The questions were carefully designed to facilitate the understanding of the parameters and the building blocks of an evolutionary framework for the digital parliament. Both language and terminology were adapted to the parliamentary context. Technology foresight, especially for niche parliamentary technology, or ParlTech, is a particularly difficult task. ParlTech goes beyond what is considered state-of- the-art and is based on emerging technologies that fully or partially automate or even advance processes of parliamentary nature. As such, it is to be differentiated from standard technology aiming to provide solutions to administrative/organizational issues.

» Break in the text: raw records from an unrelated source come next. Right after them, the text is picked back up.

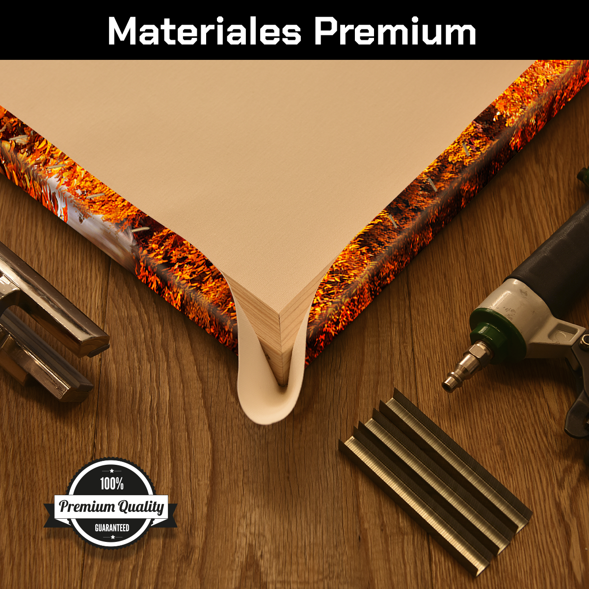 El cuadro está impreso en lienzo (canvas) premium, garantizando una reproducción fiel de los colores cálidos y los detalles del paisaje. La textura artística del lienzo realza la nitidez del agua y la profundidad de los tonos otoñales, ofreciendo un acabado profesional y duradero.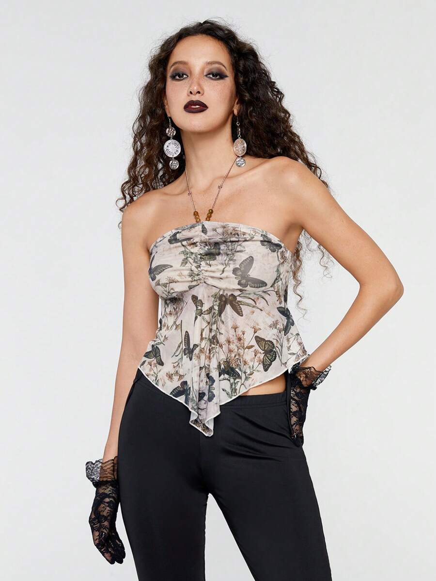 ROMWE Avant Top halter con estampado floral con mariposa fruncido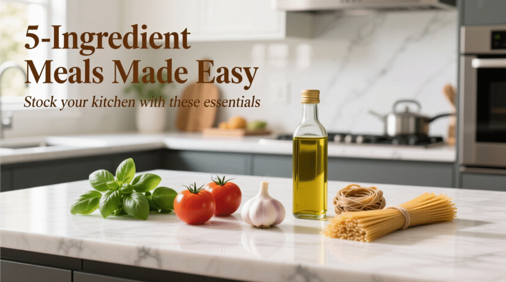 If you keep the right basics—like proteins, grains, canned goods, and seasonings—your kitchen can transform into a 5-ingredient meal machine. Think pantry staples, fridge essentials, and a few flavor boosters that make cooking fast, easy, and delicious.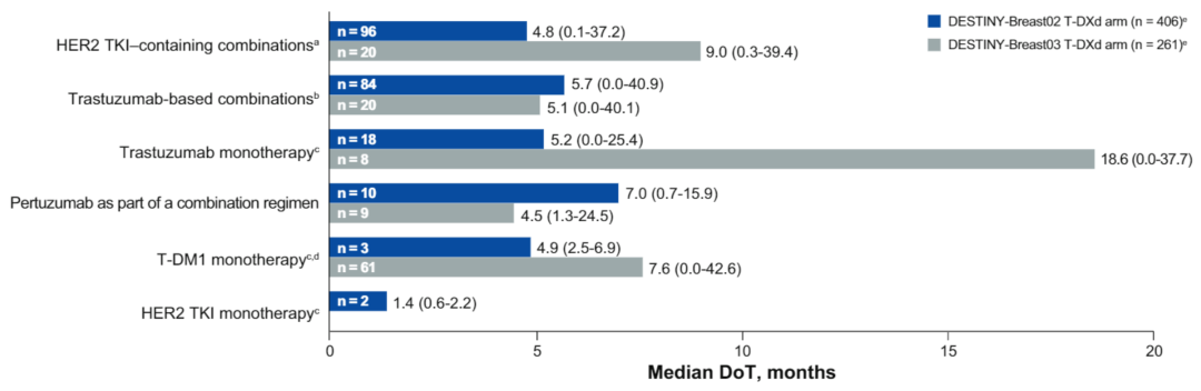 在DB-03研究中,后续治疗包括T-DM1(n=61)、曲妥珠单抗联合治疗(n=20)、HER2 TKI联合治疗(n=20)、帕妥珠单抗联合治疗(n=9)、曲妥珠单抗单药治疗(n=8),其中位DoT分别为7.6、5.1、9.0、4.5、18.6个月。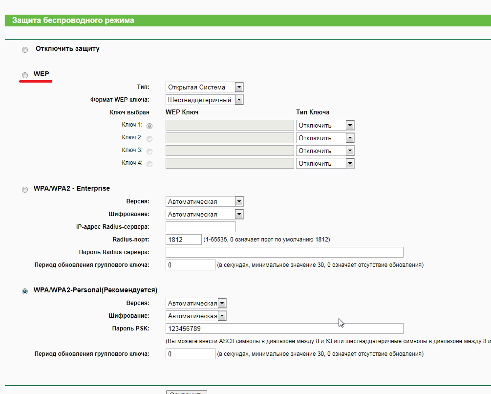 - Поэтому вместо этих 2-х значений попробуйте выбрать защиту WEP, расположенную наверху, а от этих 2-х отключитесь.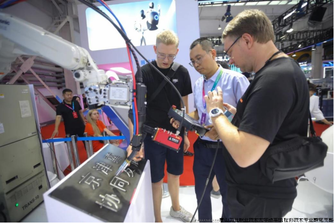 在京津冀协同发展实践中,唐山已经形成以特种机器人为特色的产业集群,培育出多个单项冠军产品。展区中的铝合金焊接机器人单元是唐山松下产业机器有限公司自主研发的铝合金焊接机器人产品,在北京奥运会国家体育场(鸟巢)、国家大剧院、首都机场、港珠澳大桥等国家重大工程项目建设中发挥重要作用。自2017年起学校焊接实训基地被授权为“松下机器人培训基地”,校企双方在产学研合作模式、焊接机器人工艺师培养等方面交流密切,至今已有百余名学生取得“焊接机器人工艺师”证书。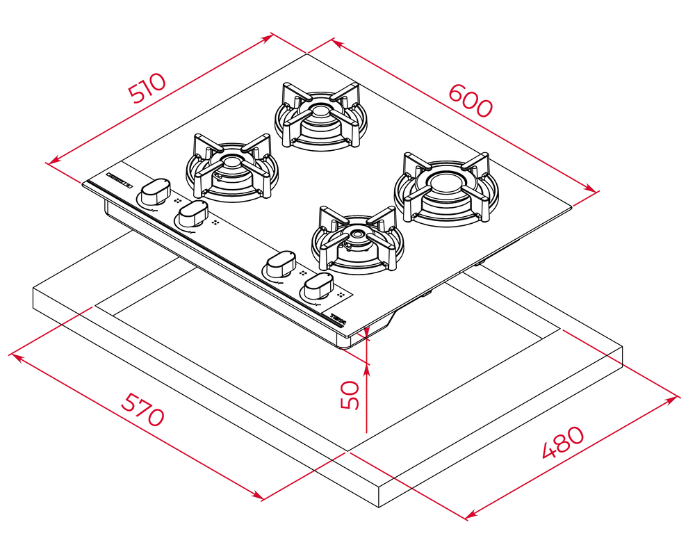 i Приборы могут имеют разное количество газовых, электрических и индукционных конфорок. Выбирайте оптимальный вариант для комфортной готовки.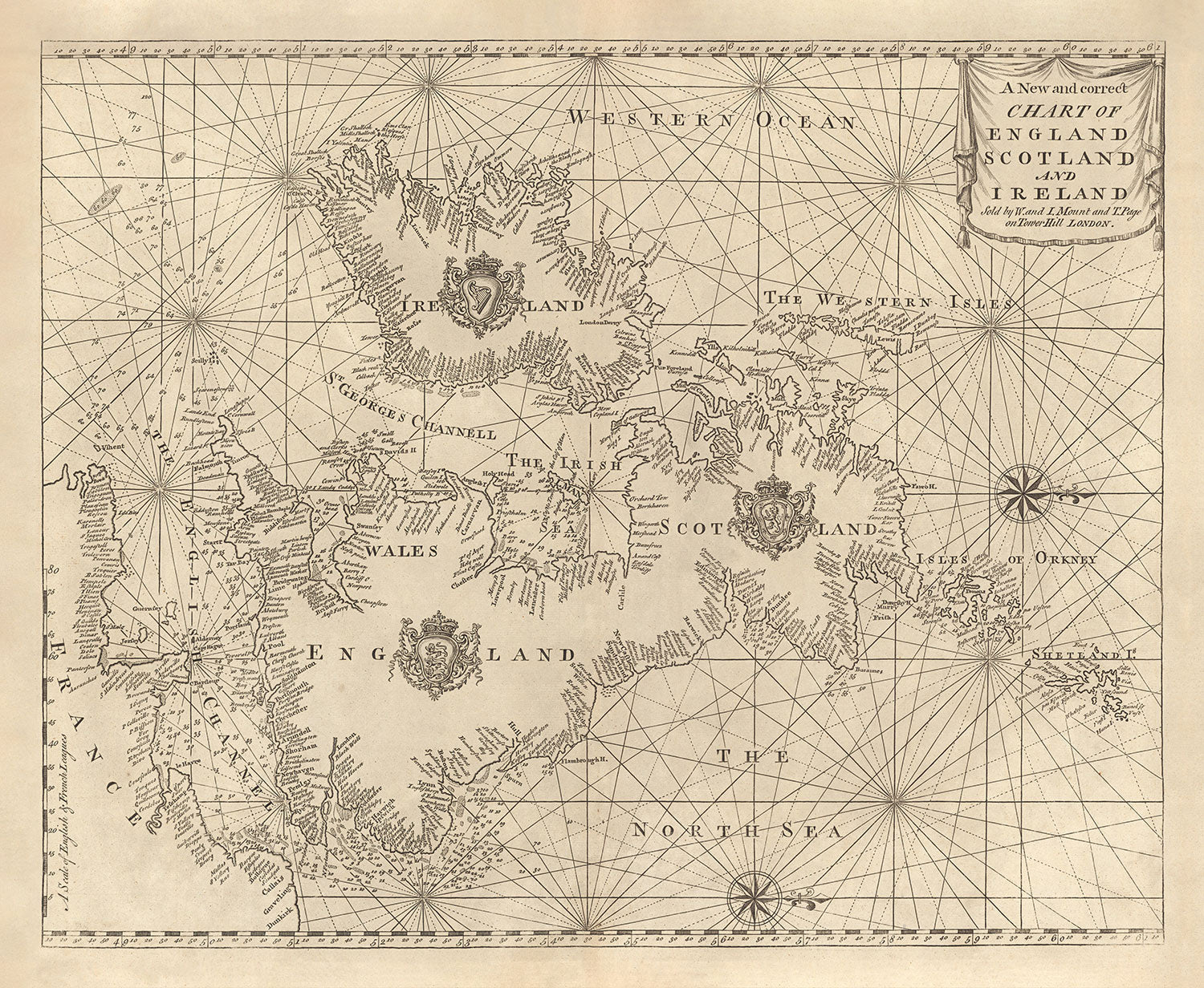 This wonderful old map of a sea navigation chart of the British Isles was originally published in 1752. It was created by Page & Mount.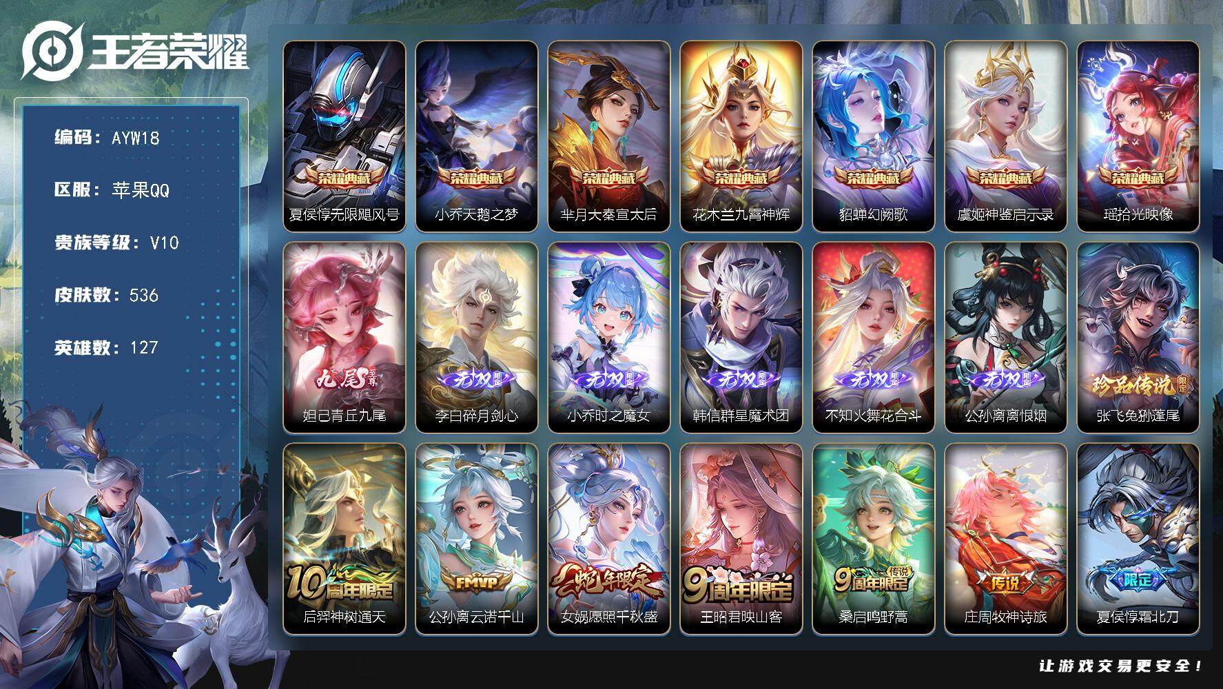 [13854650]【店主推荐捡漏号!可直接换绑】小国标李信苹果Q-V10-最强王者段位-127英雄-536皮肤-7典藏-6无双-1珍品传说-78传说-184史诗 【英雄全皮】:刘禅全皮,姜子牙全皮,孙权全皮,王昭君全皮,艾琳全皮,娜可露露全皮,橘右京全皮,鬼谷子全皮,黄忠全皮,米莱狄全皮,李信全皮,盾山全皮,猪八戒全皮,蒙恬全皮,阿古朵全皮,桑启全皮,海诺全皮 【荣耀典藏】:夏侯惇无限飓风号,小乔天鹅之梦,芈月大秦宣太后,花木兰九霄神辉,貂蝉幻阙歌,虞姬神鉴启示录,瑶拾光映像 【无双皮肤】:妲己青丘九尾,李白碎月剑心,小乔时之魔女,韩信群星魔术团,不知火舞花合斗,公孙离离恨烟 【珍品传说】:张飞兔狲蓬尾 【传说皮肤】:后羿神树通天,公孙离云诺千山,女娲愿照千秋盛,王昭君映山客,桑启鸣野蒿,庄周牧神诗旅,夏侯惇霜北刀,铠冥王哈迪斯,朵莉亚心动手记,云中君群星魔术团,墨子黄金天蝎座,海月金乌负日,亚连落雪白狼,吕布曦玄引,貂蝉曦玄引,典韦战鼓燎原,孙尚香乘龙问璇玑,孙策乘龙淬吴钩,赵云乘龙铭钟鼎,马超琥珀纪元,铠琥珀纪元,澜逐花归海,艾琳觅芳踪,露娜霜月吟,孙膑小动物乐团,狄仁杰夜礼服假面,王昭君永恒水手月亮,甄姬至美化雀舞,吕布遇见神鼓,马可波罗妄想实况,东皇太一灼幽烈阳,干将莫邪画中仙,伽罗炽翼辉光,李信山海炽霜斩,李白诗剑行,王昭君星穹之声,百里守约碎云,橘右京枫霜尽,娜可露露前尘镜,后羿无尽星芒,马超无双飞将,大乔挚爱花嫁,孙策挚爱之约,女娲补天,孙策末日机甲,瑶时之祈愿,貂蝉遇见胡旋,赵云淬星耀世,王昭君乞巧织情,西施游龙清影,周瑜音你心动,小乔音你心动,李元芳飞鸢探春,兰陵王默契交锋,公孙离祈雪灵祝,诸葛亮时雨天司,镜炽阳神光,虞姬启明星使,孙悟空零号赤焰,关羽武圣,曜云鹰飞将,李信一念神魔,刘备时之恋人,伽罗太华,貂蝉猫影幻舞,张良黄金白羊座,干将莫邪久胜战神,虞姬云霓雀翎,达摩黄金狮子座,百里玄策白虎志,花木兰冠军飞将,梦奇胖达荣荣,后羿黄金射手座,貂蝉仲夏夜之梦,孙尚香末日机甲,宫本武藏地狱之眼,吕布天魔缭乱,狄仁杰超时空战士 【限定皮肤】:白起狰,公孙离离恨烟,夏侯惇霜北刀,铠冥王哈迪斯,暃埋骨钱,蒙犽顽岩魄,蔡文姬夏日便利店,大乔绒语心约,虞姬夏日便利店,姜子牙天穹之誓,李白谪仙醉月,狄仁杰阴阳师,虞姬凯尔特女王,赵云皇家上将,墨子神迹守卫,妲己时之彼端,嬴政白昼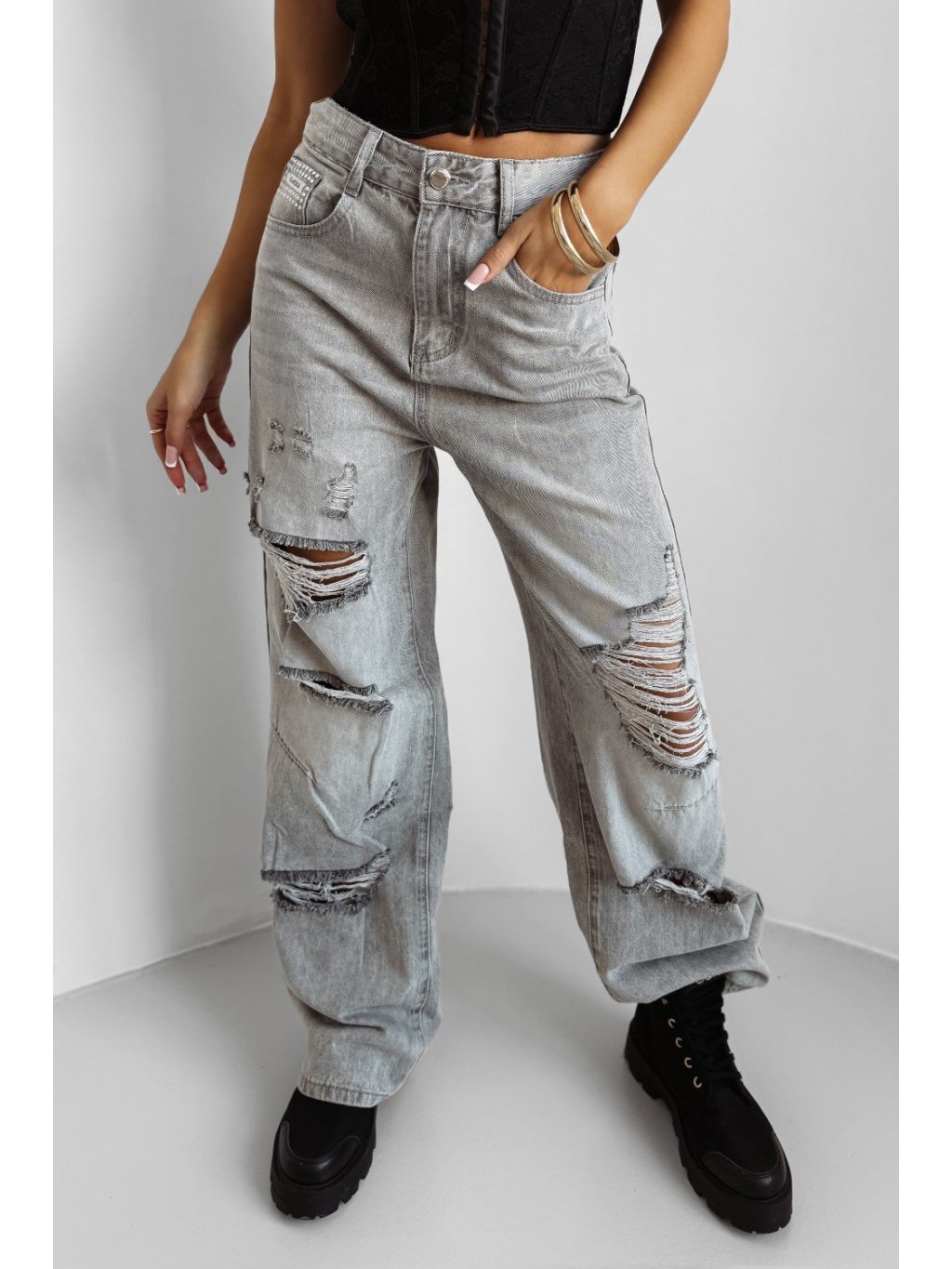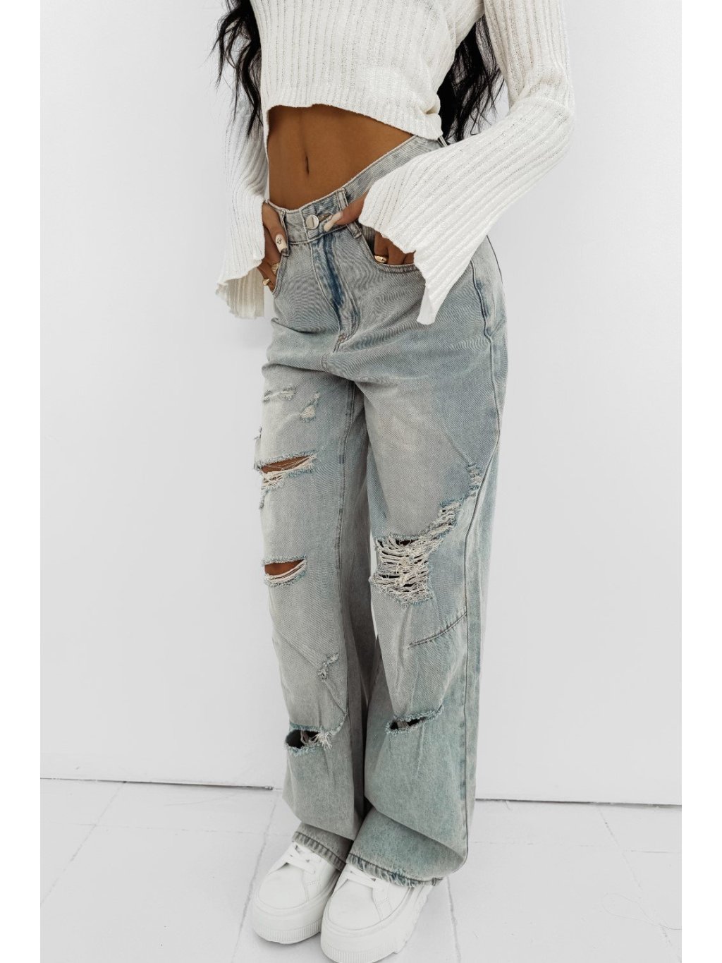 Rifľové nohavice vo vintage štýle s opotrebovaním. Rovný strih, vysoký pás. Klasický dizajn s piatimi vreckami, zapínanie na gombík a zips.Zloženie: 97 % bavlna, 3 % elastan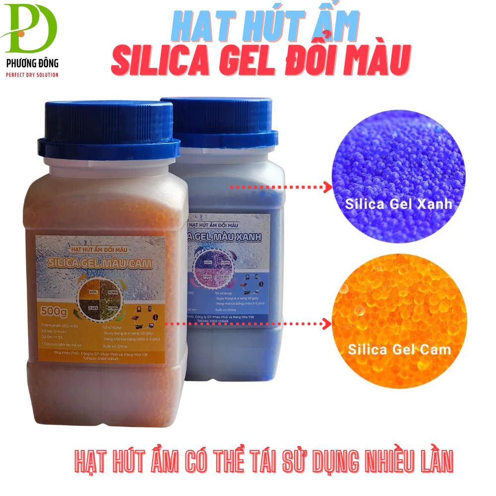 500g hạt hút ẩm Silica Gel đổi màu hút ẩm nhanh, có thể tái sử dụng nhiều lần, hộp kín đẹp chắc chắn hàng mới nhập.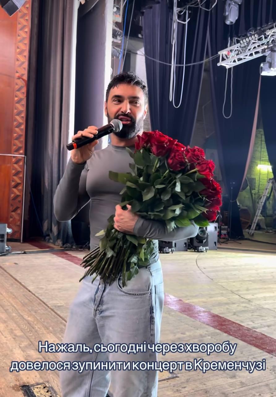 “Люди мої рідні! Я так чекав нашої зустрічі. І знаю, як чекали ви. Але, на жаль, щойно довелось зупинити концерт, бо хвороба взяла своє, голос зірвався і співати я вже не міг. Повне незмикання зв’язок. Пауза в декілька днів дуже потрібна, щоб одужати. Тому концерт в Черкасах завтра теж вимушений перенести. Я прошу у вас вибачення”, – наголосив артист в своєму Instagram.

The technologies that have been selected to be included in the survey, which eventually led to the creation of a parliamentary hype cycle, have been extracted from 2020 Gartner hype cycles (emerging technologies, legal and compliance technologies, and internet of things) and constitute direct projections of emerging technologies in the parliamentary workspace. In the course of an internal workshop, 13 specific technologies have been identified as promising ParlTech and included in the survey. Table 1 matches the technologies from Gartner hype cycles with the ones that are relevant for parliaments.
In the course of the article, the authors attempt to approach three particular research goals around the digital parliament:
  • To redefine the main factors of digital transformation in parliament.
  • To explore the possibility to create a parliamentary hype cycle.
  • To specify the challenges and preconditions of an evolutionary framework.
The above survey design methodology constitutes a valid instrument to evaluate responses on the prerequisites and conditions of the digital parliament. While quantitative data have been collected (i.e., a Likert scale is used for quantitative evaluation), focus is placed on the qualitative evaluation of findings, in order to come up with a tangible approach for a digital parliament framework.
The survey has been sent to 53 MPs and parliamentary professionals, collectively referred to as parliamentary experts, covering 36 countries. A total of 32 persons from 25 countries responded, a response rate of 60.4%, which the authors consider particularly high, given the complexity of the survey. The high response rate may be also an indication that these usually busy, high-level parliamentary experts considered the survey favorably. The responders originate from 25 different parliaments, which means that some parliaments are represented by more than one expert. For methodological reasons, even in countries with bicameral systems, experts were selected from a single chamber. Hence, the number of parliaments coincides with the number of their countries of origin. As a result, in the context of the study, the terms country and parliament can be used interchangeably. Based on the original survey design, a wide geographic distribution across five continents can be observed. The findings are comparable across countries due to the common criteria used for expert selection, i.e., parliamentary experts or MPs who meet the above conditions are more likely to provide comparable information on the digital parliament and its development than random parliamentary professionals. A significant part of survey respondents (around one third, i.e., 31.2%) are female. Basic sample demographics are presented in Table A1 (Appendix A).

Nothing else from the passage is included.